Still, there are a lot of veggie burgers being made without fake meat, most of which are arguably better than Beyond or Impossible patties. Take the Veggie Shack burger from Shake Shack, made with carrots, mushrooms, herbs, farro, and sweet potatoes. The burger has drawn rave reviews from major publications, including The Washington Post and Bon Appétit. Here’s what the Post had to say:
[A]fter focusing on the vegetable-medley star, I realized it wasn’t just a second-rate dupe of a fast-food staple, but rather a juicy, deeply-flavored (gasp!) veggie burger in its own right. I tasted earthy mushrooms and nutty grains. Beneath the griddle-browned exterior, the interior revealed diced bits of vegetable (I could spy a full pearl of farro and flecks of sweet potato, as well as bits of green that I think were scallions).
That sounds like an awful lot of tasty complexity for a fast food veggie burger.

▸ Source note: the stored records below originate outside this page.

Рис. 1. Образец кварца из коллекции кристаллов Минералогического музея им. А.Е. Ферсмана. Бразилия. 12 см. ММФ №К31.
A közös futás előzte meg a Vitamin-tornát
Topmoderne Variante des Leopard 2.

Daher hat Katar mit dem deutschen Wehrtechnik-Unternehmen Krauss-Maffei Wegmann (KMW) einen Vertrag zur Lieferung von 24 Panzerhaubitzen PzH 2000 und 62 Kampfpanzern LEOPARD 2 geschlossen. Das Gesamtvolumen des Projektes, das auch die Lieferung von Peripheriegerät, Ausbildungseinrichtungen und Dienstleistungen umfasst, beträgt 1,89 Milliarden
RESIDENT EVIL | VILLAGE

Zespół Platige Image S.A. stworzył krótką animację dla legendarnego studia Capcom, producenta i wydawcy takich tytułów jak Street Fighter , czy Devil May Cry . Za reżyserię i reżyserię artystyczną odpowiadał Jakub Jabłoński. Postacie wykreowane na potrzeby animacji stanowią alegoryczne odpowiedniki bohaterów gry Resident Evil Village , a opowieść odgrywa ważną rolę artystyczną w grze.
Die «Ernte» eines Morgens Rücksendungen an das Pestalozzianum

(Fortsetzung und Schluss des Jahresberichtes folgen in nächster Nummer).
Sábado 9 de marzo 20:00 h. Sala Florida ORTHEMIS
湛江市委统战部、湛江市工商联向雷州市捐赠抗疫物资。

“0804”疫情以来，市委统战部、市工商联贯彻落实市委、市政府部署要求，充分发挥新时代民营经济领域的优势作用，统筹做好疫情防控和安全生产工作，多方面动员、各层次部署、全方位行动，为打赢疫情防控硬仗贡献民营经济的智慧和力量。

Across the board, such burgers seem to be favored by food critics and chefs alike. “Oinkster has a veggie burger made with carrots and stuff,” Hoang said. “Reminds me of my mom’s egg rolls.”

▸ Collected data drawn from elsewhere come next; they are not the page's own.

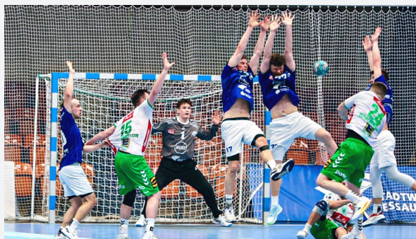
Auf eine starke DRHV-Defensive wird es beim Derby gegen Dresden wieder ankommen.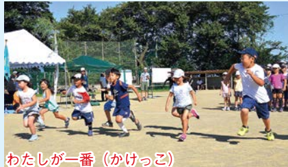
わたしが一番(かけっこ)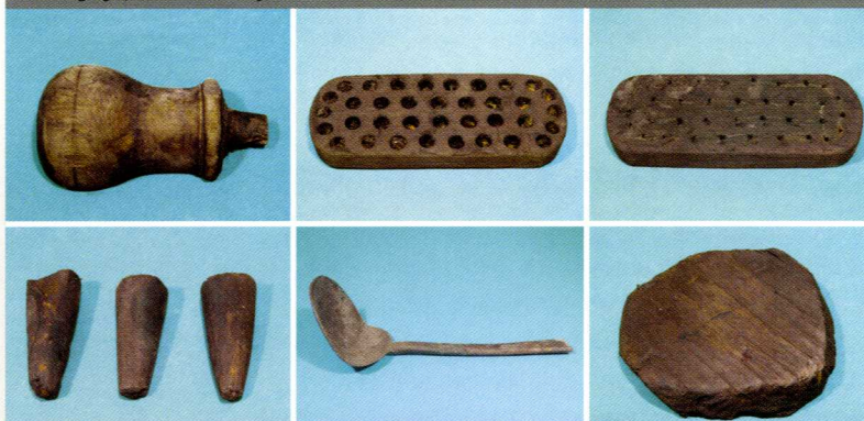
Handvat, handboender, houten stopjes, tinnen lepel, houten schijffe

De diverse 15e/16e eeuwse tonputjes die op het Statenplein zijn gevonden hebben vooral informatie opgeleverd over voedselresten. Zo nu en dan kwam er ook een kraaltje of een fraai bewerkt benen knoopje naar boven en wat keramiek. Het 17e/18e eeuwse tonputje aan de Varkenmarkt bevatte naast keramiek- en glasfragmenten (grape, bord, pispot, mineraalwaterfles) onder meer een tinnen lepel, houten borstels en enkele houten stopjes. De inhoud van de tonputjes van het Elfhuizenonderzoek moet nog worden onderzocht. In ieder geval is Dordrecht groot geworden op afval, zo bleek uit diverse opgravingen in de binnenstad. In het kader van de middeleeuwse stadsuitbreidingen werden drassige terreinen bouwrijp gemaakt door het aanbrengen van ophogingslagen (soms in bakken), die voor een groot deel bestonden uit (verzameld) afval.

That’s the other thing fake meat is lacking: nostalgia. Because it’s so new to the market, the product fails to evoke any strong memories in the person eating it, whereas meals that incorporate vegetables as a matter of course have a chance of stoking some fond associations. Nobody longs for a Beyond Burger, and no one connects with their childhood while eating one.

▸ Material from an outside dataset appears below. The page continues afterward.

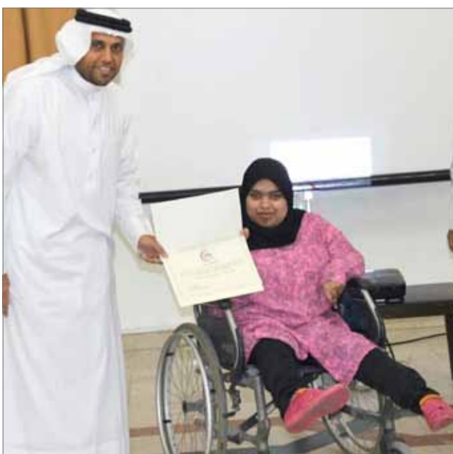
• تكريم العفو في إحدى الفعاليات

– أجل، نظرة المجتمع لذوي الإعاقة لم تتغير رغم ما بلغناه من تقدم تكنولوجي وتقني، فالمعاوق قادرون على العمل وتنمية بلدهم، وعدم الاكتفاء بالعمل التطوعي.

Even chefs like Jesse Griffiths of Dai Due in Austin, Texas, who wrote an entire book about dismembering wild hogs, has a pointed reverence for vegetables.
“I think our intrinsic need for things to taste like meat speaks to our need to consume it,” said Griffiths about Beyond Meat. As for ideal non-meat alternatives, “I’d rather eat a perfect eggplant, some asparagus, or a fresh carrot,” he said.
All of the best vegan sandwiches in Los Angeles are made without fake meat, too, the greatest of which was the mushroom French dip at the now closed Eszett (which also had great fries). Asked what made the sandwich so good, chef Spencer Bezaire explained that its lack of meat was almost incidental.
“I wanted to make a great sandwich, and if it happened to be vegan, great,” he said. The sandwich was indeed bursting with creativity, made with a burnt leek stock, a vegan demi-glace with tomato paste (which Bezaire “cooks the shit out of”), red wine, thyme, and mushroom powder. No processed dupes, just an inspired, veggie-forward sandwich that truly achieved greatness.
Greg Barris, a comedian, pizza maker, and practicing vegan, says he supports meat alternatives, but doesn’t eat them himself “because they seem to be a lot of unhealthy bullshit.” I asked him straight up if he’d ever put fake meat on a pizza. The answer was no.
“There’s endless, timeless, and future veggie dishes,” he said. “You can make a shitake ‘bacon’ really easily with maple syrup and tamari. So good. You don’t even have to call it bacon.”
Though alternative meats are, as “plant-based” proteins, technically made with vegetables, they’re processed in ways that vegetables are not. All chefs have a loving admiration for produce, and Beyond and Impossible meat simply does not evoke the same feeling as walking around a farmer’s market at six in the morning, looking for the best seasonal items. From a culinary standpoint, fake meat is just tragically uninspired. It serves a necessary purpose in food service, but it might never fully satisfy the professionals who’d rather put their skills to work transforming individual fresh ingredients into something new.